Task to complete: Write the entries below out again exactly, but skip the pictures.

Data entries:

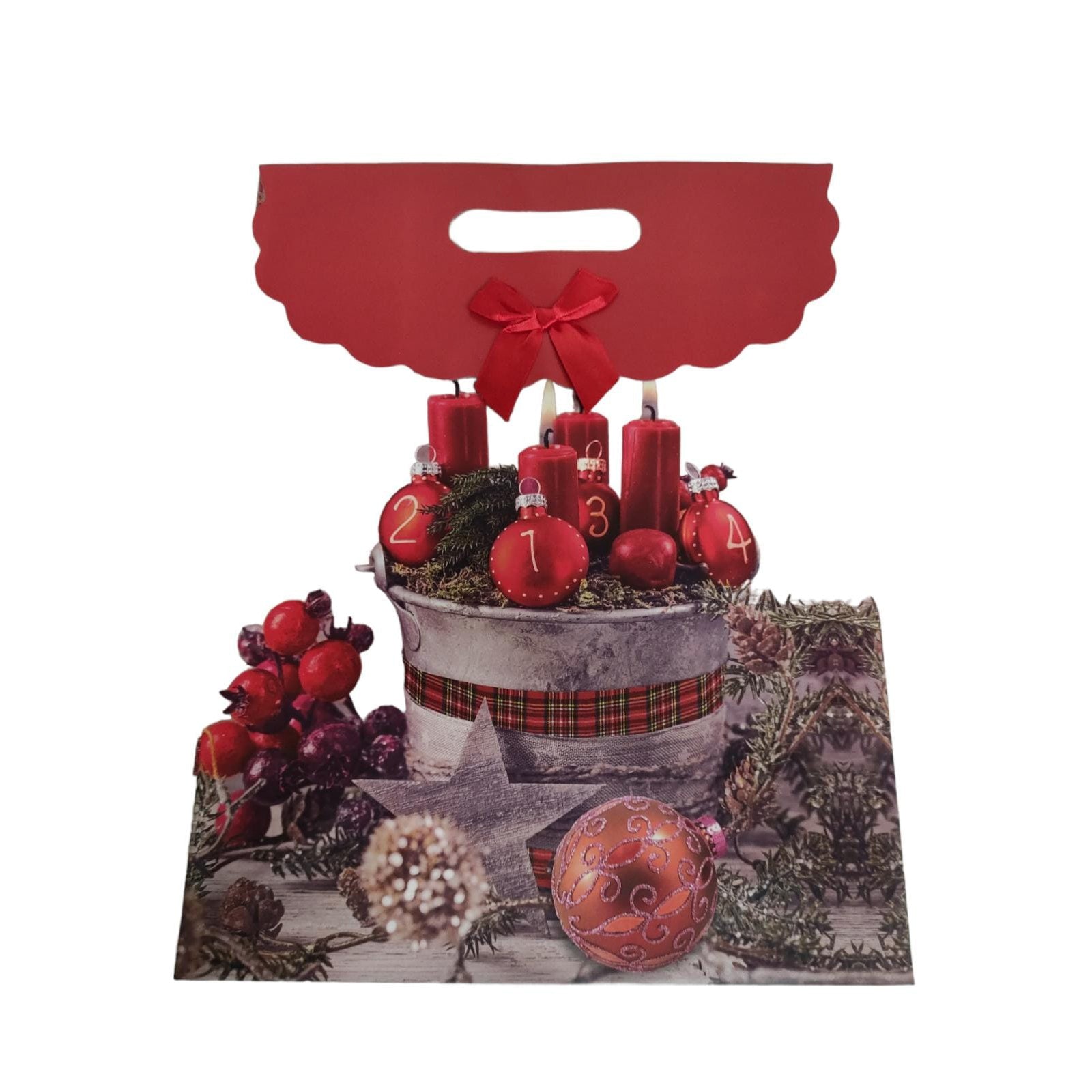 - La busta sacchetto ha un design con candele e palline
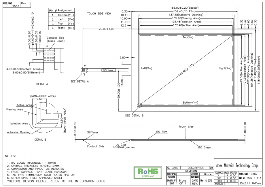 6.5 inch AMT Resisitive Touch Panel 9557
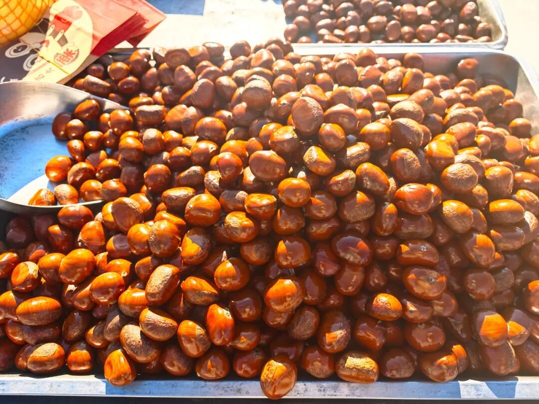 如果说冬天的大集有灵魂,那一定是糖炒栗子。深褐色的栗子在铁锅里翻滚,外壳油亮,色泽诱人。买一包拎在手里,隔着纸袋依然能感受栗子的热乎。剥开一颗,果仁金黄完整,一口咬下去软糯香甜,从嘴里暖到心里。
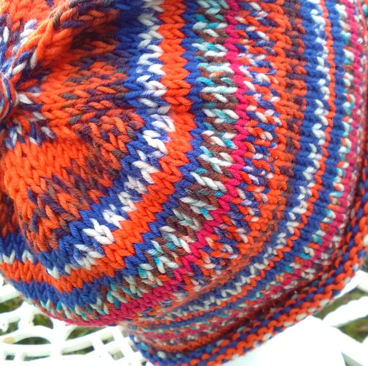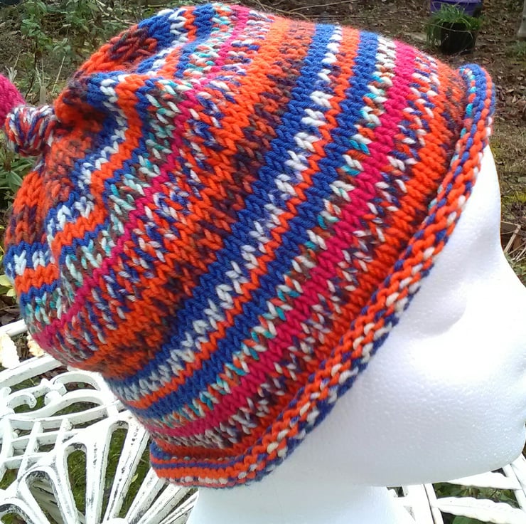 This hat has been hand knitted on the round to show off the self striping jacquard pattern brilliantly. It is a simple roll up design so will sit on or below the ears depending on how you want to wear it. It has a fun knotted top making it a little quirky.
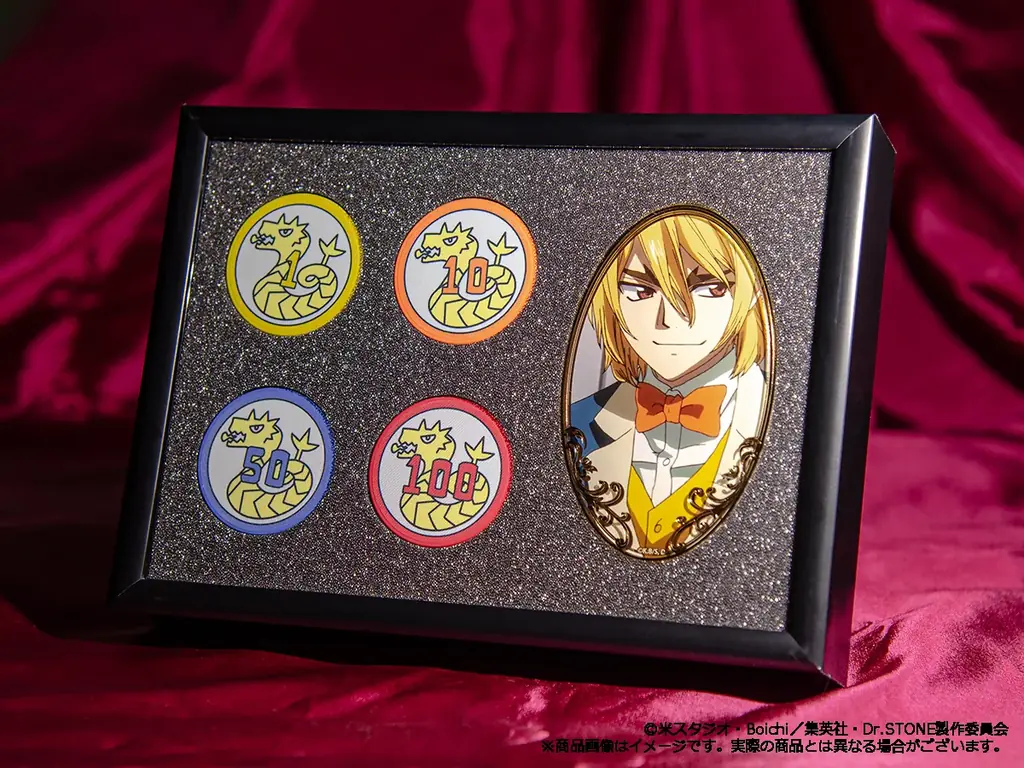 | Dr.STONE 龍水のポーカーチップ(4種記念セット) | 各6,160円 | 2026年3月予定 | フレーム:樹脂(本体・面材)/チップ:セラミック/キャラクタープレート:アクリル | フレーム:2L(W189×H138×D32mm)/チップ:約φ39mm/キャラクタープレート:約W55×H91mm以内 ラインナップ:七海龍水/石神千空/あさぎりゲン/コハク/西園寺羽京(全5種) | 商品名に「4種記念セット」と表記があるが、案内では全5種のラインナップが記載されている |
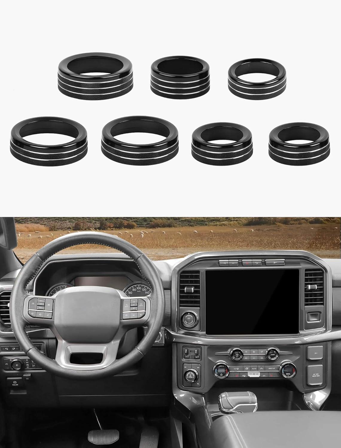 Savadicar 7-Piece Custom Machined Aluminum Knob Trim Ring Set for Ford F‑150 2021‑2025 – Headlight, 4WD, Trailer, HVAC, Radio Control Knob Covers – Interior Accessories Upgrade, Black(Black)
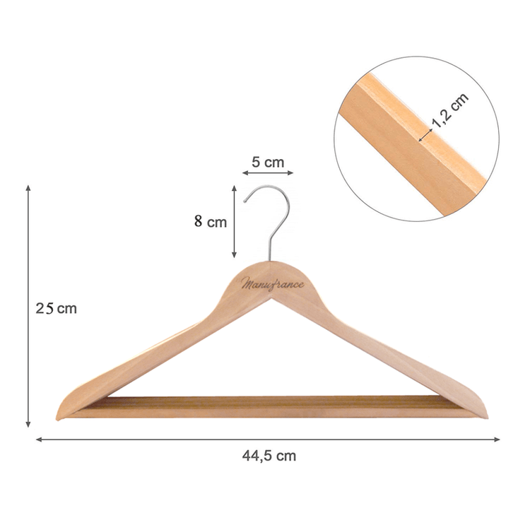 Cintre Manufrance, pour un esprit Vintage de fabrication française. Fabriqué en bois, polissage raffiné - Grâce à la haute densité de ce type de bois, les cintres ont une bonne capacité de charge et sont robustes. la surface est lisse et sans échardes. Crochet robuste, pivotant à 360° - Le crochet est robuste, durable, il vous permet d’accrocher et d’enlever les vêtements facilement Antiglisse - Grâce à la barre horizontale antiglisse, les vêtements ne tombent pas. Idéal pour les pantalons, les jupes, etc. Rangement parfait -Accrochez des vêtements par catégorie, vous ne fouillerez plus dans vos vêtements entassés. Les vêtements correctement accrochés ne se froissent pas, vous économisez du temps de repassage.
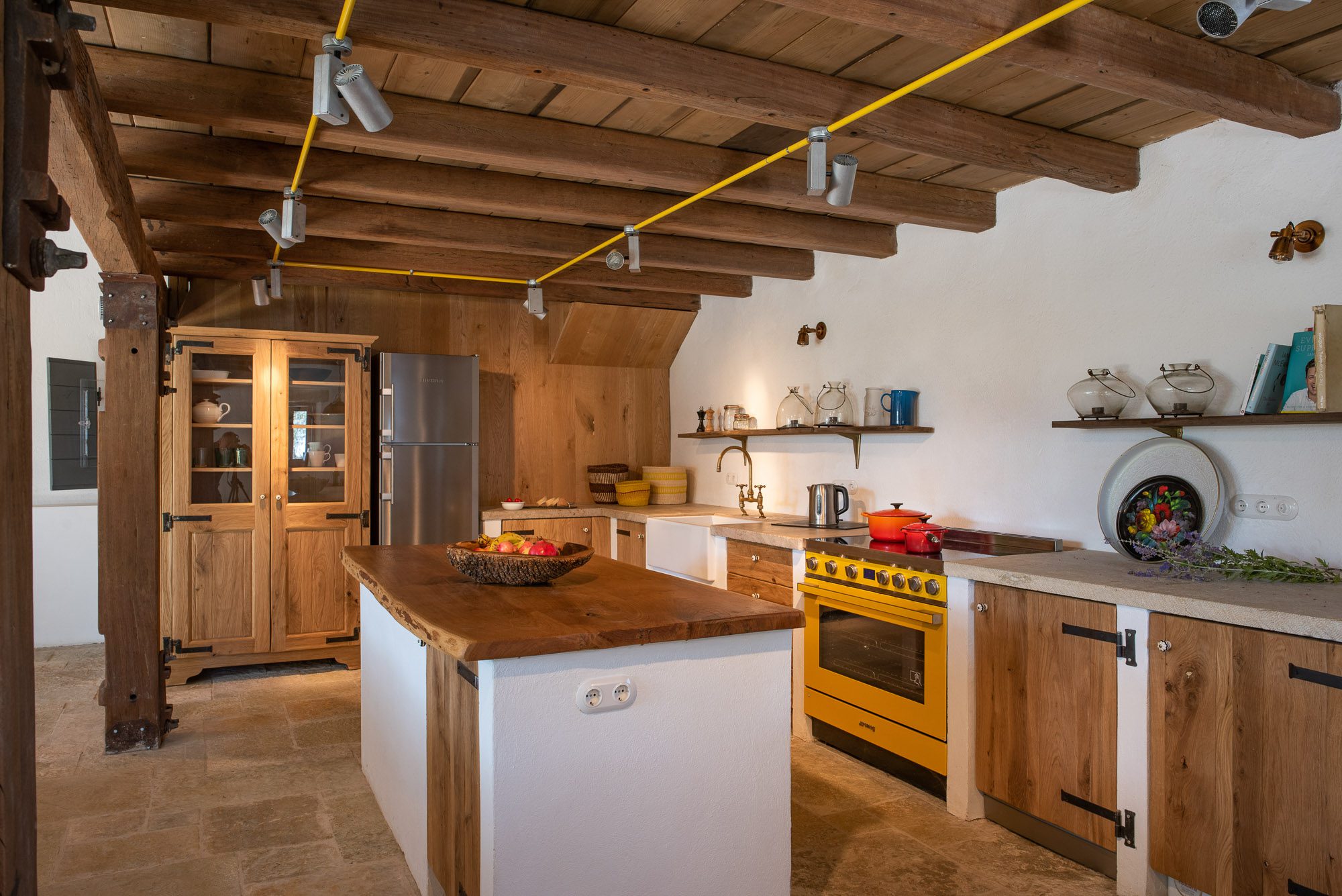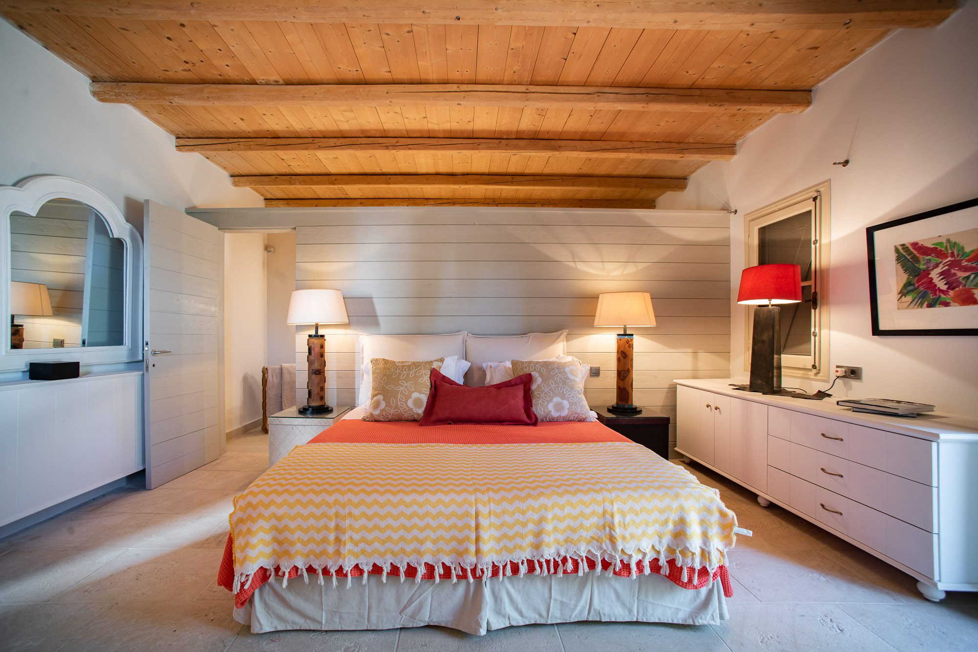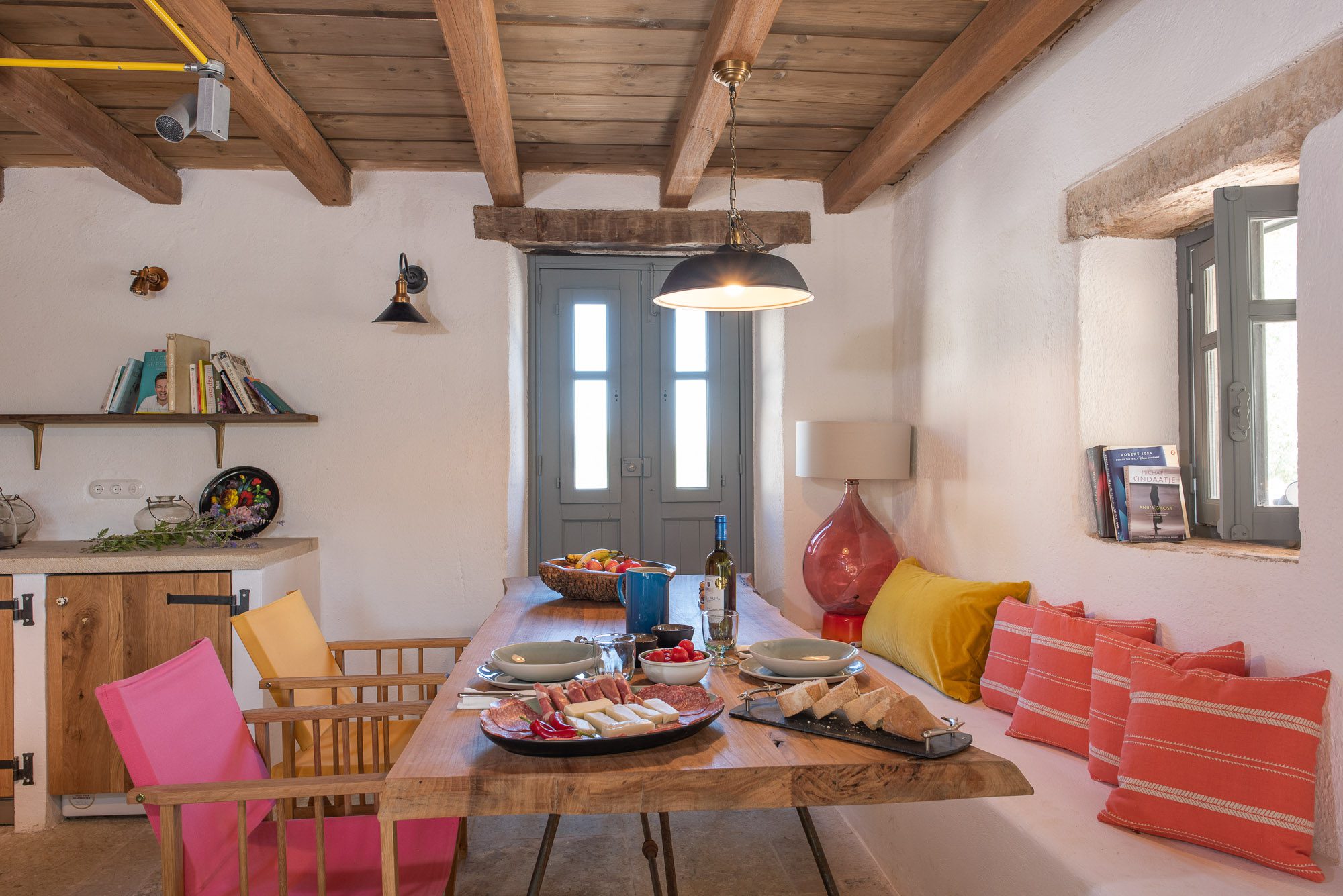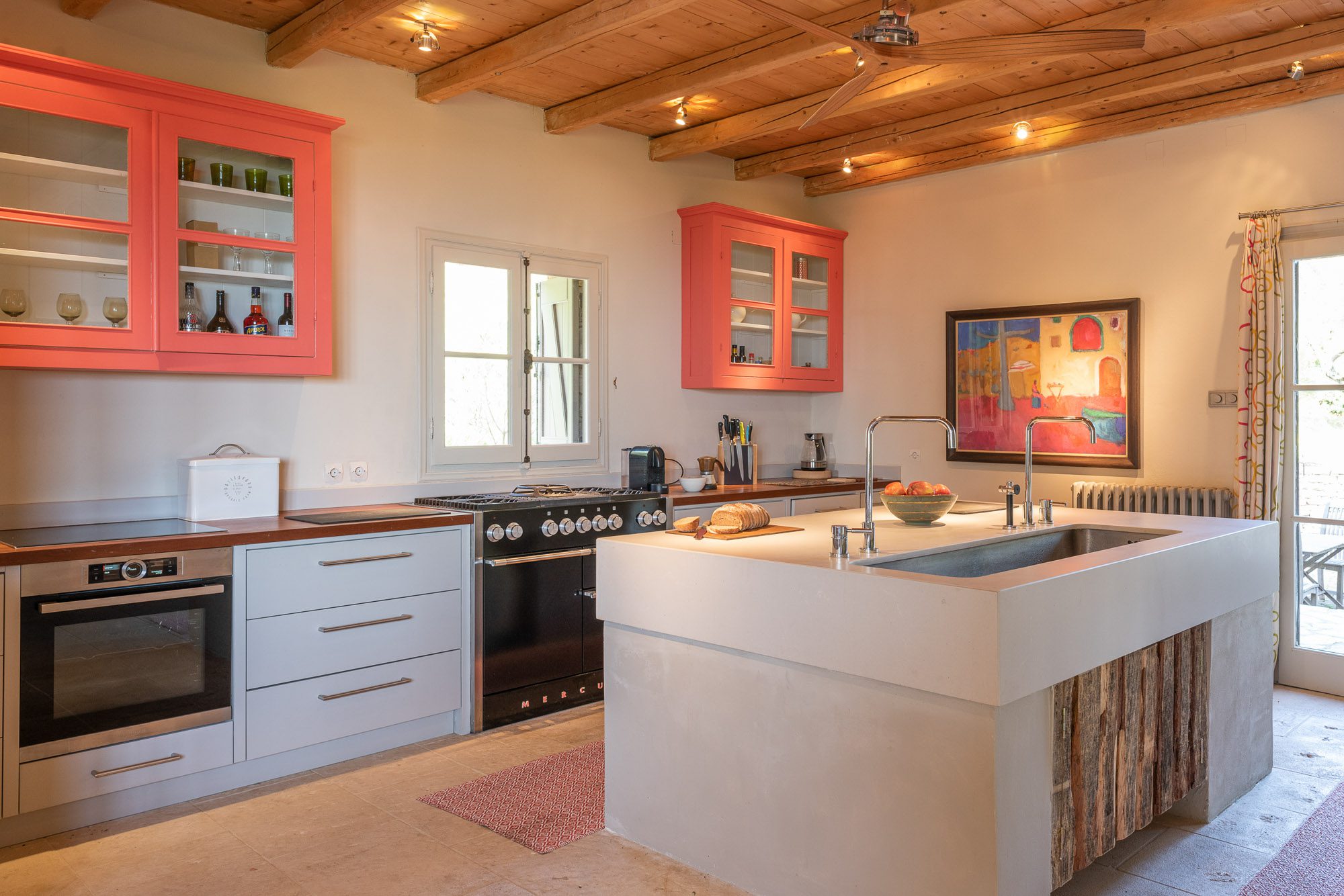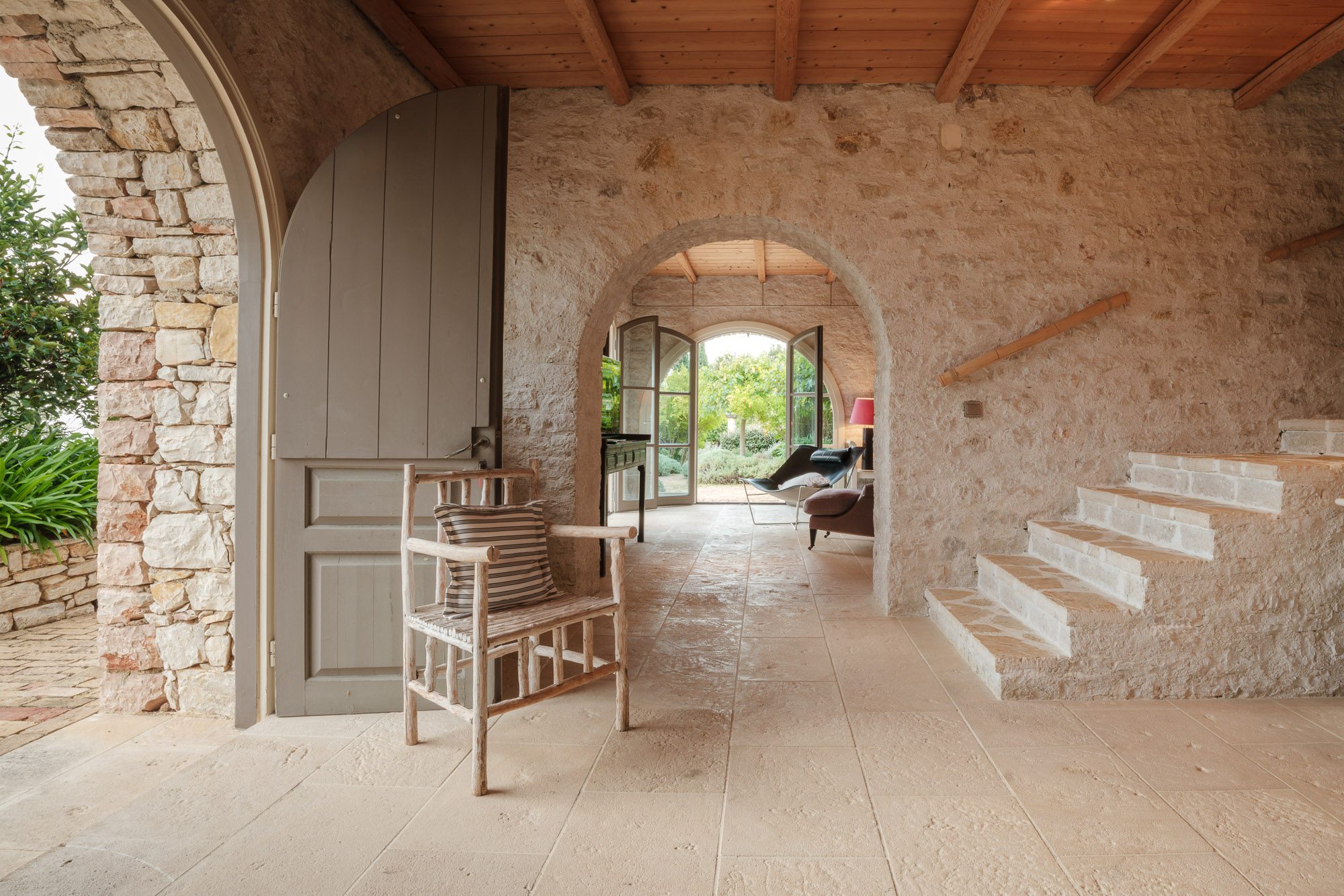 Both house and garden evoke English country style, mixed with Mediterranean warmth and colour. The furniture is classic but contemporary, there's an emphasis on comfort with style. The large bedrooms are air-conditioned, beds draped with mosquito nets, being practical and providing an air of romance. There's an open-plan country-style kitchen, dining room and drawing room with exposed stone walls and large glass doors opening to the gardens. In the tower, the guests can enjoy a library. The self-contained cottage has both indoor and outdoor dining spots and a garden area.

Expected answer:
 - La busta sacchetto ha un design con candele e palline
 6.5 inch AMT Resisitive Touch Panel 9557
 如果说冬天的大集有灵魂,那一定是糖炒栗子。深褐色的栗子在铁锅里翻滚,外壳油亮,色泽诱人。买一包拎在手里,隔着纸袋依然能感受栗子的热乎。剥开一颗,果仁金黄完整,一口咬下去软糯香甜,从嘴里暖到心里。
 This hat has been hand knitted on the round to show off the self striping jacquard pattern brilliantly. It is a simple roll up design so will sit on or below the ears depending on how you want to wear it. It has a fun knotted top making it a little quirky.
 | Dr.STONE 龍水のポーカーチップ(4種記念セット) | 各6,160円 | 2026年3月予定 | フレーム:樹脂(本体・面材)/チップ:セラミック/キャラクタープレート:アクリル | フレーム:2L(W189×H138×D32mm)/チップ:約φ39mm/キャラクタープレート:約W55×H91mm以内 ラインナップ:七海龍水/石神千空/あさぎりゲン/コハク/西園寺羽京(全5種) | 商品名に「4種記念セット」と表記があるが、案内では全5種のラインナップが記載されている |
 Savadicar 7-Piece Custom Machined Aluminum Knob Trim Ring Set for Ford F‑150 2021‑2025 – Headlight, 4WD, Trailer, HVAC, Radio Control Knob Covers – Interior Accessories Upgrade, Black(Black)
 Cintre Manufrance, pour un esprit Vintage de fabrication française. Fabriqué en bois, polissage raffiné - Grâce à la haute densité de ce type de bois, les cintres ont une bonne capacité de charge et sont robustes. la surface est lisse et sans échardes. Crochet robuste, pivotant à 360° - Le crochet est robuste, durable, il vous permet d’accrocher et d’enlever les vêtements facilement Antiglisse - Grâce à la barre horizontale antiglisse, les vêtements ne tombent pas. Idéal pour les pantalons, les jupes, etc. Rangement parfait -Accrochez des vêtements par catégorie, vous ne fouillerez plus dans vos vêtements entassés. Les vêtements correctement accrochés ne se froissent pas, vous économisez du temps de repassage.
 Both house and garden evoke English country style, mixed with Mediterranean warmth and colour. The furniture is classic but contemporary, there's an emphasis on comfort with style. The large bedrooms are air-conditioned, beds draped with mosquito nets, being practical and providing an air of romance. There's an open-plan country-style kitchen, dining room and drawing room with exposed stone walls and large glass doors opening to the gardens. In the tower, the guests can enjoy a library. The self-contained cottage has both indoor and outdoor dining spots and a garden area.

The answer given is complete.